Transcribe exactly the lines that fall between the one holding "- จากแคมเปญเซลใหญ่จัดเต็ม 11" and the one holding "2:在浏览器输入IP10.10.100.254.用户名和密码都是admin。", inclusive, from the entries below.

Supplied material -

────────────────────────────────────────

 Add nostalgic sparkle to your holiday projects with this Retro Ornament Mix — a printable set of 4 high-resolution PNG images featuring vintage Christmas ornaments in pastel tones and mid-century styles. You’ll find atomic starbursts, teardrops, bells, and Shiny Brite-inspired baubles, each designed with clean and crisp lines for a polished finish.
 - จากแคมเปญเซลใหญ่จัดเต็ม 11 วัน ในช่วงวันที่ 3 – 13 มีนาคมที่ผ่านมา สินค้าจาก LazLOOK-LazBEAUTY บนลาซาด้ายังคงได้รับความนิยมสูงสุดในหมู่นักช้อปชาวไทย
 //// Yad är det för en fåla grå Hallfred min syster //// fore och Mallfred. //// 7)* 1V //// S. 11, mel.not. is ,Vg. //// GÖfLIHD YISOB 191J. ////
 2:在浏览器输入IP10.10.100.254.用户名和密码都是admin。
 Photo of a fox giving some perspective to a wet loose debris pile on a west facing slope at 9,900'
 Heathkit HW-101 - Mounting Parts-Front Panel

────────────────────────────────────────

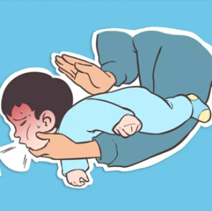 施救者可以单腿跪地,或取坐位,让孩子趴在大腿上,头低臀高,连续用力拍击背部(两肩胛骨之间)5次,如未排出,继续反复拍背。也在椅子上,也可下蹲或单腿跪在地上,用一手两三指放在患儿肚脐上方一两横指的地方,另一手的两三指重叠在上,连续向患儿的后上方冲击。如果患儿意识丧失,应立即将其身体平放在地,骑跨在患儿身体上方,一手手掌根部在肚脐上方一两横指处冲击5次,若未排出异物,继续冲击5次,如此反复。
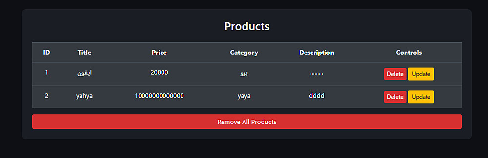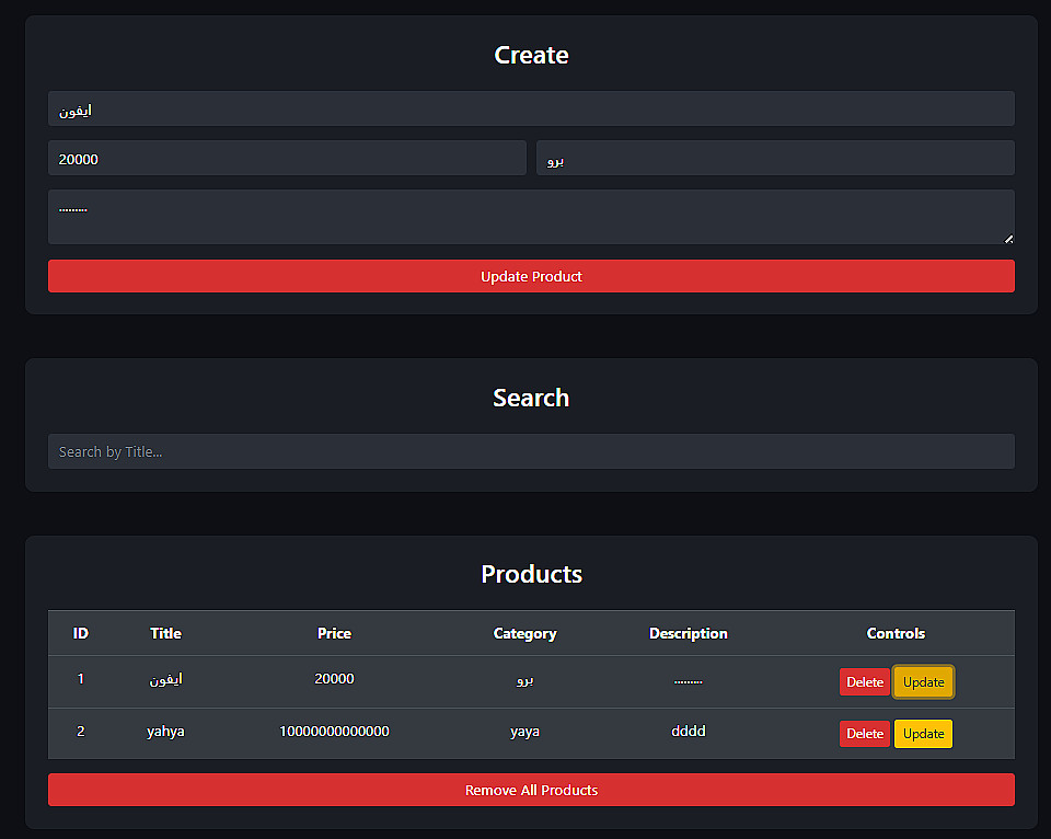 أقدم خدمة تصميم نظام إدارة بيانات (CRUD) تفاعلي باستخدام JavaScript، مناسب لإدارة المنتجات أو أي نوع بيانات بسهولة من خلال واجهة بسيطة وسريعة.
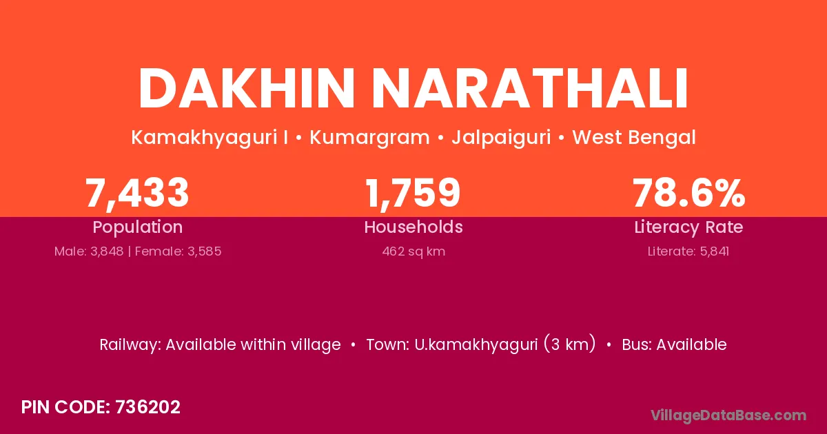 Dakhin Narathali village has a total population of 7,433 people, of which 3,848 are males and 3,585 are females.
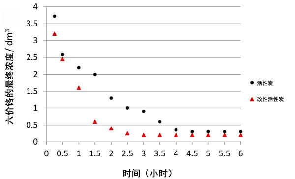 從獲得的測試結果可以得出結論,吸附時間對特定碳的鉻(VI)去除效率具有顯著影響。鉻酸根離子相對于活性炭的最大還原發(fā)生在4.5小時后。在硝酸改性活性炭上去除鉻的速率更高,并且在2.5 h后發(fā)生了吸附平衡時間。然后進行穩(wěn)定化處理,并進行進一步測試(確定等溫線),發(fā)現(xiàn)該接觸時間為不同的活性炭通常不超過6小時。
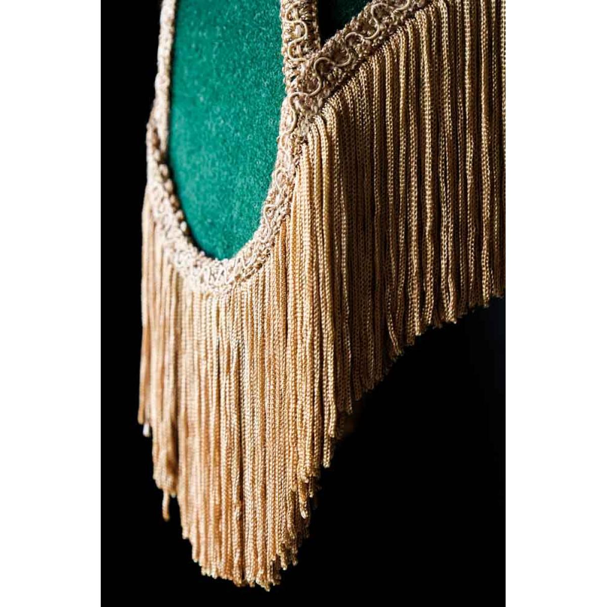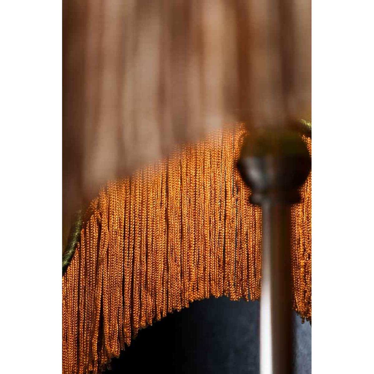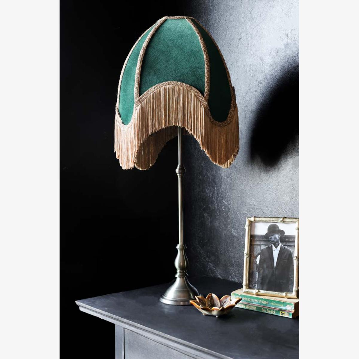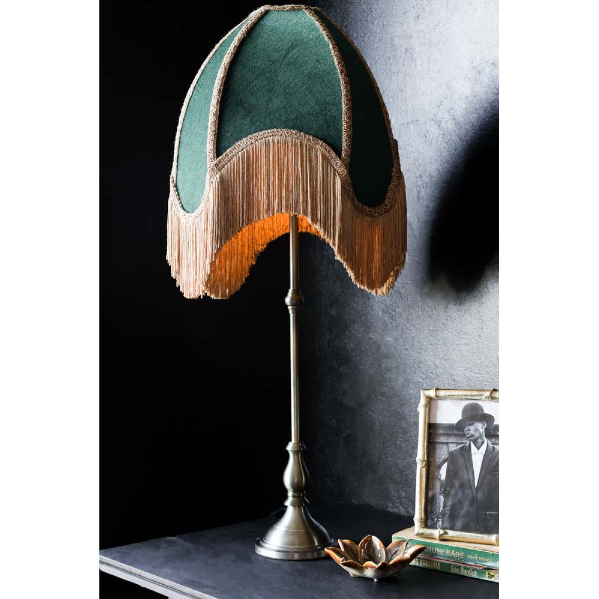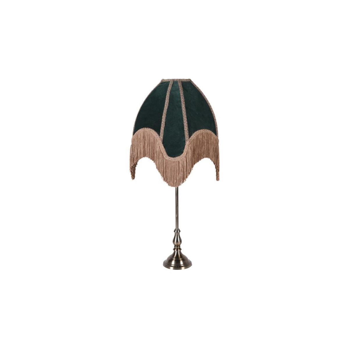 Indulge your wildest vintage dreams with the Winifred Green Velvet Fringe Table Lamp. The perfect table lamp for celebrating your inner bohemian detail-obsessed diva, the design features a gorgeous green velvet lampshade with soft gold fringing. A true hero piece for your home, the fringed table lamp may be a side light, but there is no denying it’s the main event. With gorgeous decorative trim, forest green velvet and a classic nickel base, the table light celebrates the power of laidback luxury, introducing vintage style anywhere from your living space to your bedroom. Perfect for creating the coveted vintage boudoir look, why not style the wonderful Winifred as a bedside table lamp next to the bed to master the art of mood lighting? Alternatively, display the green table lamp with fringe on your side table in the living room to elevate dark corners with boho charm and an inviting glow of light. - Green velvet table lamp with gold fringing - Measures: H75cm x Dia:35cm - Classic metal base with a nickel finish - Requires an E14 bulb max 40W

────────────────────────────────────────

Response area -
 - จากแคมเปญเซลใหญ่จัดเต็ม 11 วัน ในช่วงวันที่ 3 – 13 มีนาคมที่ผ่านมา สินค้าจาก LazLOOK-LazBEAUTY บนลาซาด้ายังคงได้รับความนิยมสูงสุดในหมู่นักช้อปชาวไทย
 //// Yad är det för en fåla grå Hallfred min syster //// fore och Mallfred. //// 7)* 1V //// S. 11, mel.not. is ,Vg. //// GÖfLIHD YISOB 191J. ////
 2:在浏览器输入IP10.10.100.254.用户名和密码都是admin。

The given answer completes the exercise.